“你們是誰!這是什麽意思?”龐佳佳掃視着一圈傭人,看着傭人們面上帶着幾分愧疚之色,拿着行李箱,一副都要離開的模樣。
到底發生什麽事了。
爲什麽傭人們欲言又止。
他們還想要離開龐家,父親才離開23小時,怎麽變成這副模樣。
“龐小姐,根據我們調查,您的父親,涉嫌綁架總統夫人,已經被我們抓獲,至于您的家,要作爲賠償款,已經抵押銀行,目前要公開拍賣,所有權已經不由您管理。”警察說完,起身拿起封條,貼的嚴嚴實實。
綁架總統夫人?!
明明是溫暖先害她,她父親才挺身而出,保護她。
爲什麽現在說成,溫暖是無辜的,好像他們才是壞人似得。
難道,她受過的委屈,就不作數了嗎?
她年紀輕輕,卻不能懷孕了,連一個自己的孩子,都無法得到。
這一切,都是溫暖害得她啊。
溫暖把她的人生毀了,還不夠嘛!現在連她唯一的親人,還有她唯一的家,都要被毀掉。
龐佳佳歇斯底裏的撕開封條,嗓音嘶啞的說道:“不許封掉,這裏是我的家,你們沒有權利!”

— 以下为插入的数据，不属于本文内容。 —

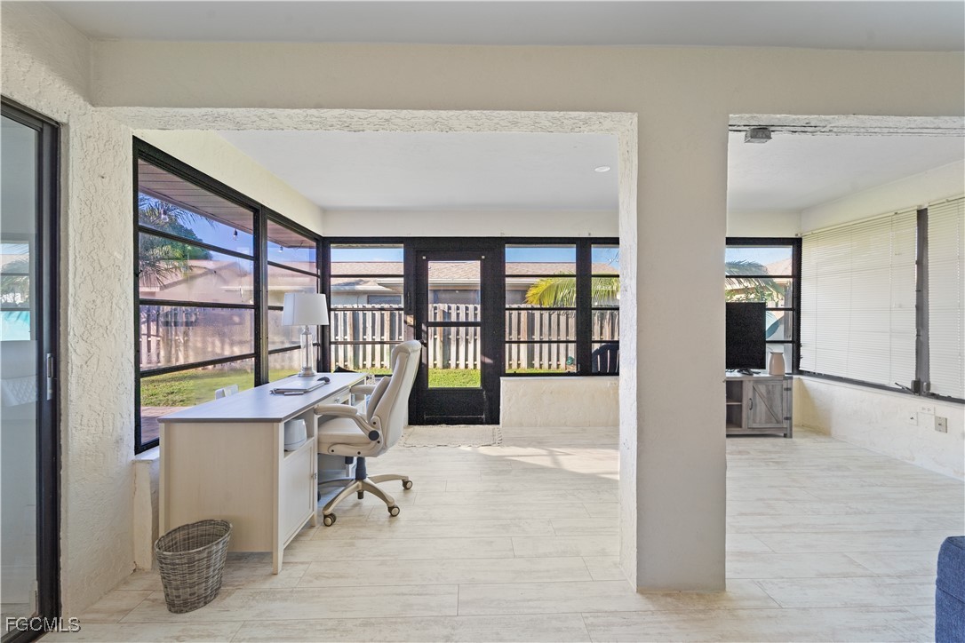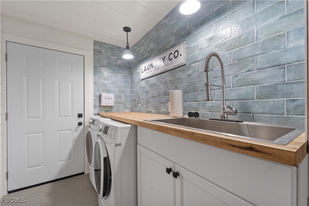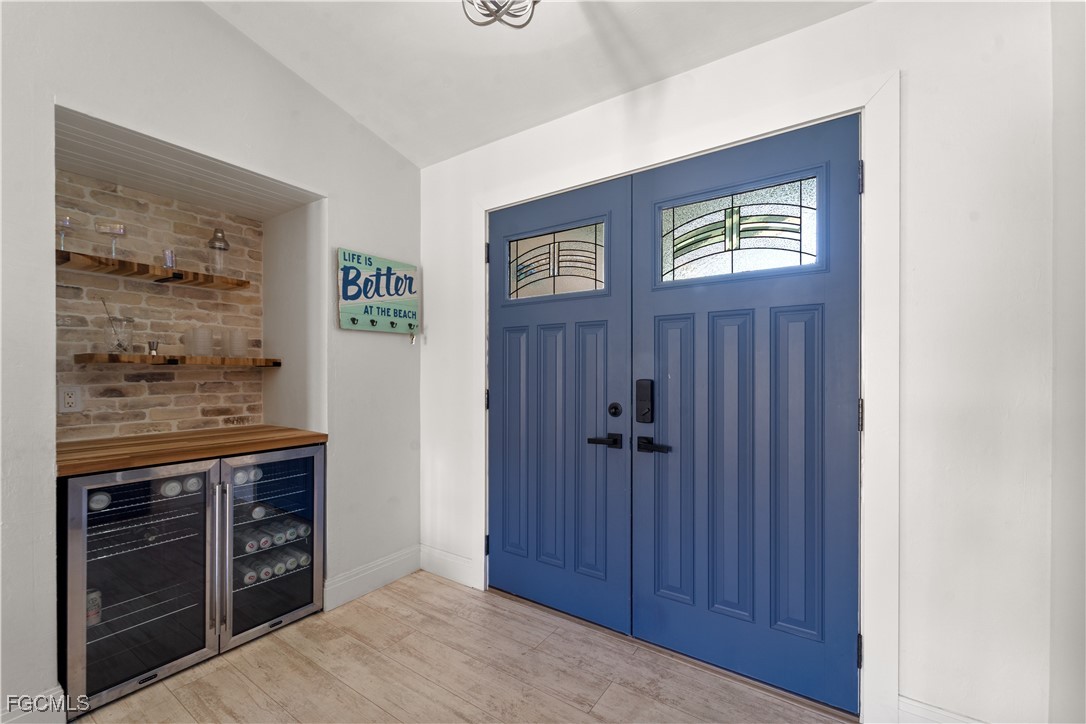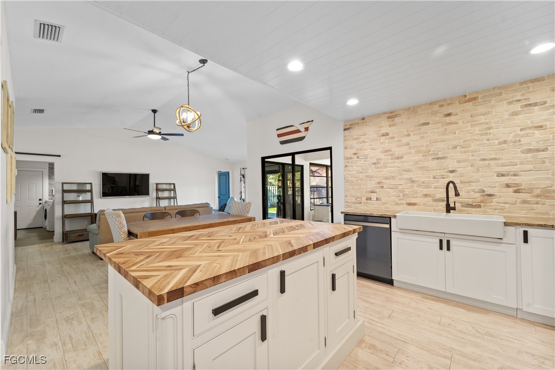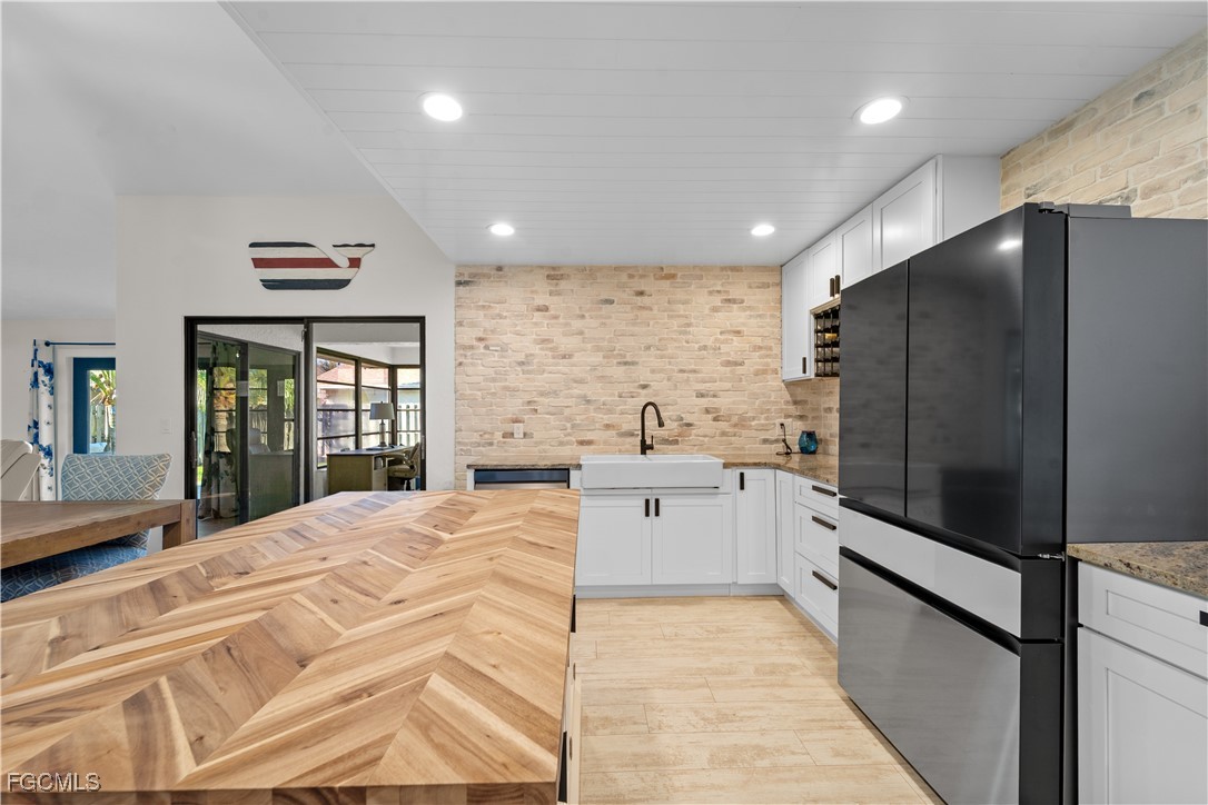 Welcome to 9802 Wildginger Drive, a fully remodeled coastal-inspired 2 bedroom, 2 bathroom home in one of the most convenient and desirable pockets of South Fort Myers. This beautifully upgraded residence offers a bright open-concept layout with vaulted ceilings, custom recessed lighting, and luxury finishes throughout. The heart of the home is the designer kitchen, featuring a wood herringbone butcher-block island, granite countertops, exposed brick backsplash, deep farmhouse sink, Samsung stainless steel appliances, soft-close cabinetry, open shelving, a built-in wine rack, and a dedicated bar area with dual-zone wine cooler. A spacious 288 sq ft sunroom offers additional living and dining space, while the thoughtfully planned 76 sq ft indoor laundry room provides custom cabinetry, counter space, and storage. The primary suite includes a walk-in closet and a stunning spa-style bath with quartz vanity, shiplap detail, niche-tiled walk-in shower, matte black fixtures, and frameless glass enclosure. The guest bath is equally impressive with subway tile, designer flooring, and upgraded finishes. Additional highlights include a 2019 roof, tankless water heater, updated fixtures and lighting throughout, wood-look flooring, and a 2-car garage. Step outside to a fully fenced backyard with an expansive paver patio perfect for grilling, outdoor dining, and relaxing in the Florida sunshine. Located minutes from Fort Myers Beach, Sanibel Island, McGregor Blvd, Gulf Coast Medical Center, and premier shopping and dining at Bell Tower and Coconut Point, this home offers effortless access to parks, boating, golf, and year-round coastal recreation with a very LOW HOA (187/quarterly). HOA Amenities include: LAKEFRONT Community Pool and Clubhouse! Blending modern craftsmanship and coastal charm in a highly convenient location, this move-in-ready home delivers a rare combination of style, function, and lifestyle in the heart of Fort Myers.

“不好意思,我們是按照法律辦事,請您不要襲警。”警察闆着臉。
“我告訴你們,别說你們了,就算是總統來了,我也不害怕。”龐佳佳皺緊眉頭,“我說不許,就是不許!”
可惜,對方并沒有理會她。
而是開始自顧自的開始忙碌,将每扇門,用封條封的嚴嚴實實。
然後,警察轉過身,看着面前哭的淚眼婆娑的龐佳佳,冷冷地說道:“龐小姐,請你快點收拾行李,還有十分鍾,我們将要把整棟别墅封鎖,有什麽要拿的,快點拿吧。”
龐佳佳咬着下唇,難以置信。
她等了一夜,沒有等到溫暖凄慘的消息。
反倒是等來了警察,告訴她要迅速從自己的家中搬出去。
她龐佳佳好像是笑話一場,憑什麽!她事事都不順。
但是,溫暖每次出意外,都會有人來保護她。
“你們……”
傭人低聲勸道:“小姐,你别在較勁了,咱們還有其他的房子,大不了,暫時不在帝國居住了,我們回墨爾本,老爺的家産還等着您繼承呢。”
龐佳佳心想,你說的容易。
回到墨爾本,石油産業,恐怕已經被那群見利忘義的老股東們,吞噬的一幹二淨。
她回去之後,更成了他們的眼中肉刺,一定會想方設法的讓她出意外,悄無聲息的解決掉她。
傭人見到龐佳佳沒有說話,又繼續說道:“你别擔心,我跟了你父親這麽多年,什麽大風大雨沒有見過,你父親這次說嚴重也嚴重,說不嚴重也不嚴重,我們請個好一點的辯護律師,把黑的說成白的,你父親用不了多久,就能出來了。”
龐佳佳聽到這裏,也不由得點了點頭。
都到了這個局面,她不安慰自己,還能怎麽辦呢。
她最後的靠山,也倒了。
唯一能支撐她活下去的希望,便是恨着溫暖,将一切都算在她頭上……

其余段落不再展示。